Overall, the internal signals mainly facilitate the medical tag encoder’s effectiveness in generating fine-grained sentences and describing more medical tags. The external signals enable the natural language decoder to generate more semantically coherent sentences.

6 Broader impacts

This work practically analyzes a meaningful task combined with the computer vision and natural language processing task, medical report generation. Especially when pandemic happens like COVID-19, robust and accurate medical report generation technology is of great clinical value, which can reduce the burden on doctors and enable people to more accurately grasp their health status. We propose an anthropomorphic model, mimicking radiologists’ working patterns, to promote the medical report generation task via acquiring easily-accessed auxiliary signals. This approach may inspire those researchers who have limited access to medical image resources to dig deeper into adopting unsupervised learning methods to acquire more auxiliary signals to supervised this task and achieve state-of-the-art performances.
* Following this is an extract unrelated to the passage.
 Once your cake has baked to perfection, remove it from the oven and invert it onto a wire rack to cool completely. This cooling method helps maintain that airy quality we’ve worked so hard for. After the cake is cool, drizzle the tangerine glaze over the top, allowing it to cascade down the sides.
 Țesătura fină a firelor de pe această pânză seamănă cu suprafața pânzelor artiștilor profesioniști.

However, it still needs more effort to provide theoretical interpretation for these auxiliary signals. And our algorithm should be utilized carefully in clinical practice since medical decisions may lead to live-or-death consequences.
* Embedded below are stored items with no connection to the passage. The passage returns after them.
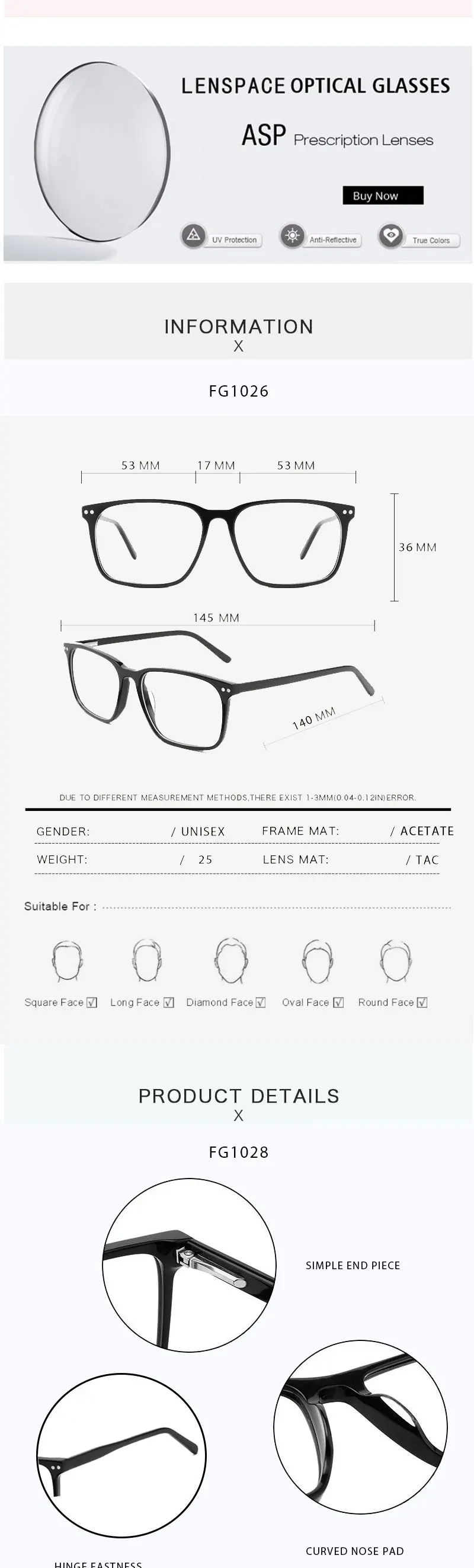 Солнцезащитные очки Lenspace поляризационные для мужчин и женщин, с магнитной застежкой, из ацетата, в квадратной оправе, для близорукости
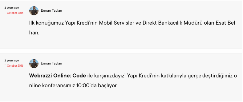 Canlı yayınımız sona erdi, hemen yukarıdan Webrazzi Online: Code‘u ‘banttan’ izleyebilirsiniz. Konferans notları ise yazının sonunda sizleri bekliyor.
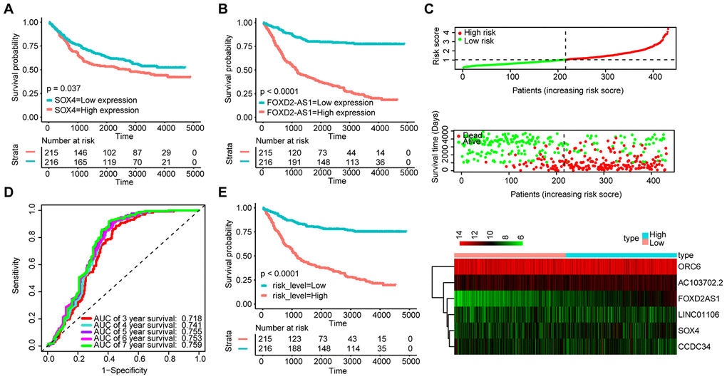 We also validated the robustness of the signature in the GSE84437 dataset (n = 431). The KM OS curves showed that the high expression of FOXD2-AS1 and SOX4 could be related to a poor prognosis (Figure 7A and 7B). Moreover, the median risk score was used as the cut-off point to divide patients into the high-risk group (n = 215) and the low-risk group (n = 216) (Figure 7C). The AUC value for 5-year OS reached 0.755 (Figure 7D). The KM OS curves indicated that the OS of patients in the high-risk group was significantly worse than that of patients in the low-risk group (Figure 7E). These results suggest that the new signature can effectively evaluate the prognosis of GA patients.

7 Conclusions and future work

In this paper, we proposed an Auxiliary Signal-Guided Knowledge Encoder-Decoder approach that mimics radiologists’ working patterns to generate fine-grained and semantically coherent medical reports. We investigated how to best crop the auxiliary region from the global medical image, how to exploit medical domain knowledge from medical textbook, and how these auxiliary signals work. Experiments demonstrate that ASGK outperforms existing methods and boosts the performance of medical report generation tasks on report generation and tag classification on two medical datasets. Moreover, we have constructed and released a new medical report dataset, COV-CTR, to contribute to the community. In the future, we plan to focus on building a general captioning framework guided by auxiliary signals to encode and decode general corpora knowledge.